Easements implied by prior use require a conveyance from common ownership of a portion of the land, and prior to the conveyance the land was used as if there were an easement appurtenant already in existence. There is a requirement of necessity for this easement as well, but the degree of necessity is not as great as the degree needed for an easement implied by necessity. The prior use must be permanent, continuous, and apparent in order to be valid. For example, if you had a waterline running under the land to get to your house, and you sold part of your land that had the waterline under it (but not the part with the house), then you are likely to be able to continue the use of the path because of this type of easement.

Easements Implied From Plat and Easements by Estoppel are similar to one another. They are based on reliance on something in order to purchase a property in most cases. For an easement implied from plat, the basis for the easement is that it was an inducement to someone purchasing the property. For example, if someone purchases a home in a neighborhood, and before they purchase the property, they are shown some map or view of a street or some other part of a communal property that they would be permitted to use.

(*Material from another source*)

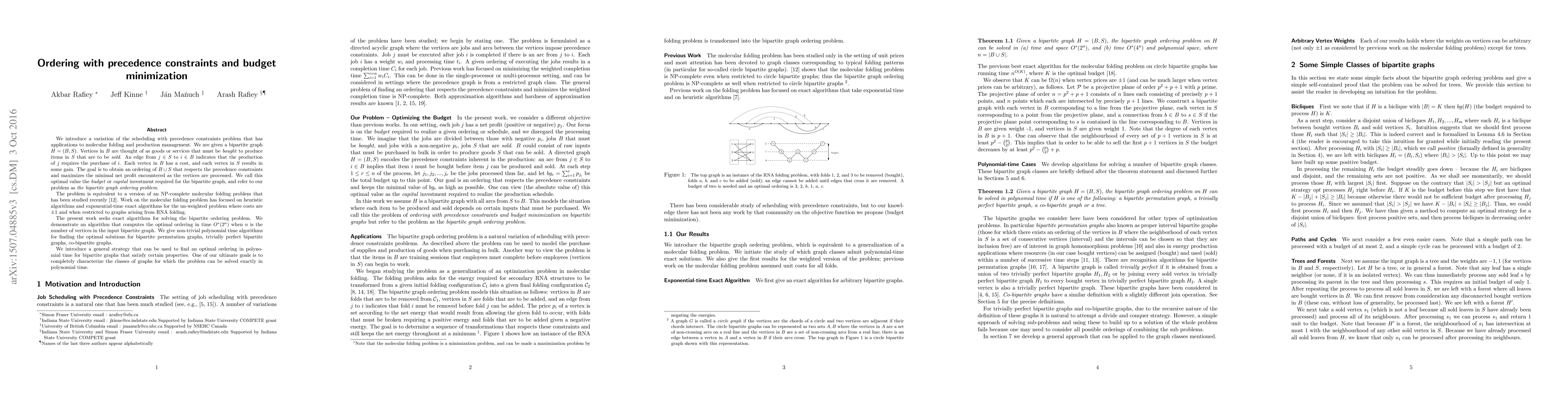 The paper introduces a variation of the scheduling problem with precedence constraints, applicable to molecular folding and production management, modeled as a bipartite graph H = (B, S). It aims to find an optimal ordering of B ∪ S that respects precedence constraints and maximizes minimal net profit.

Easements by dedication are used when a person or entity dedicates or gives an easement to the public.There are certain requirements for this to be valid, but in sum, the person or entity but expressly dedicate the easement, or do so in a manner that is clear.
Easements by prescription are similar to that of adverse possession in that you are using someone else’s land without permission. The requirements are that the use be adverse, a claim of the right to use the easement such that the owner of the land had notice because of its continuity and because it has not been an interrupted use for at least twenty (20) years.

Additionally, there must be “substantial identity” of the easement that is claimed, meaning that the use is noticeable. An example of this is using a footpath over someone’s land to get to the beach quicker without their permission and they know that you do it, or should know.

Other easements in North Carolina include conservation easements, railroad right-of-way easements, and easements for land covered by water. Some specific examples of the most common easements used in North Carolina are driveway easements, ingress and egress easements, utility easements, sewer easements, and right-of-way easements. These common types fall within one of the larger categories explained above.